New to this series? Start the journey with day one, or go back further to why I wanted to buy a Mac in the first place.

  • 1. Yeah—I stopped attaching an external disk because of the wake-up lag for the disk. It’s not always, but it is more often than I’d like. Irritating. Maybe you can adjust how quickly your external disk sleeps? (My external disk enclosure eventually died anyway, so I put the disks into a WDEX2 and never looked back.)

    2. Shift+Click in Mac generally is select multiple items, not range, except in the list view. Yet another reason I almost always use the list view. If you want to do multiple selection in Icon view, drag a bounding box. Yeah, I don’t get the specialization either, probably historical.

    3. Time Machine uses a lot of space because it keeps historical versions. Super-handy *if* you can afford the space. I use a separate disk (Time Capsule) for Time Machine backups compared to my NAS.

    4. Finder not showing a spinner or hourglass when waiting for your NAS to wake up is indeed irritating. You learn to wait and discover that Finder is a half-baked app and has always been on macOS.

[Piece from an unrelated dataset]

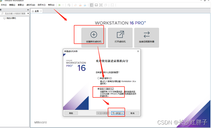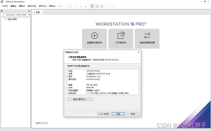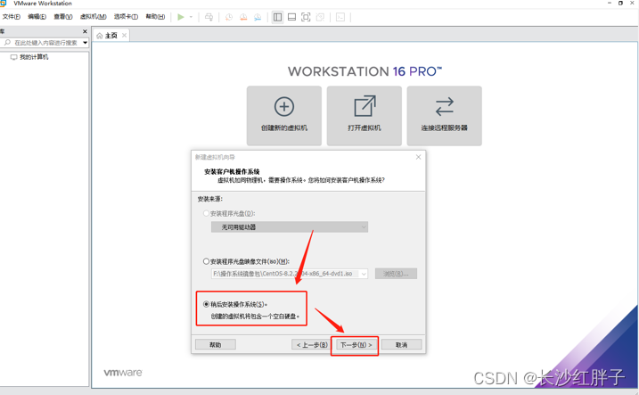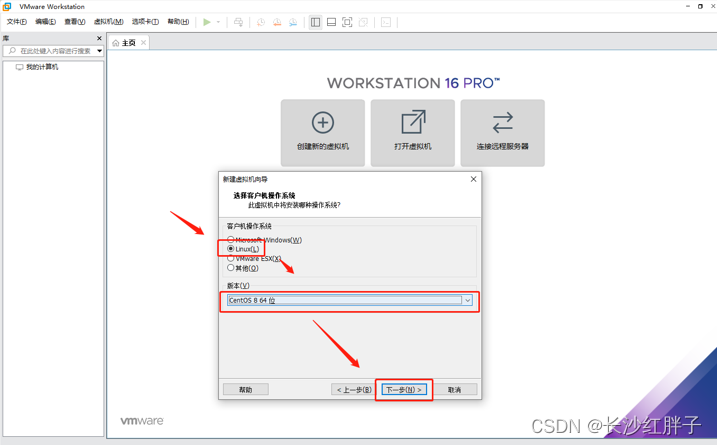下载VM16版本及以上的vmware虚拟机版本,否则没有CentOs8选项,自行百度下载安装。

    5. Installing via dragging into the folder!? No, no, no. You want to use Font Book, which is an app. Why it’s not in the Preferences is mostly historical, I believe. There are in fact third-party font managers for OS X dating to its desktop publishing heydays, too.

  • I realized I read this months ago, but never replied. How rude of me. 😆

    1) I didn’t find a way to adjust it, but ultimately have managed to get Time Machine working on my Synology NAS under a new volume, so all is well there.

    2) I’m a very visual person, so I strongly prefer the icon view over list view…it’s irritating that I can’t shift+click and select groups of files that way.

    3) Cool, thanks

    4) Things have surprisingly improved there!

    5) Thanks, I had no idea Font Book existed. That made things much easier!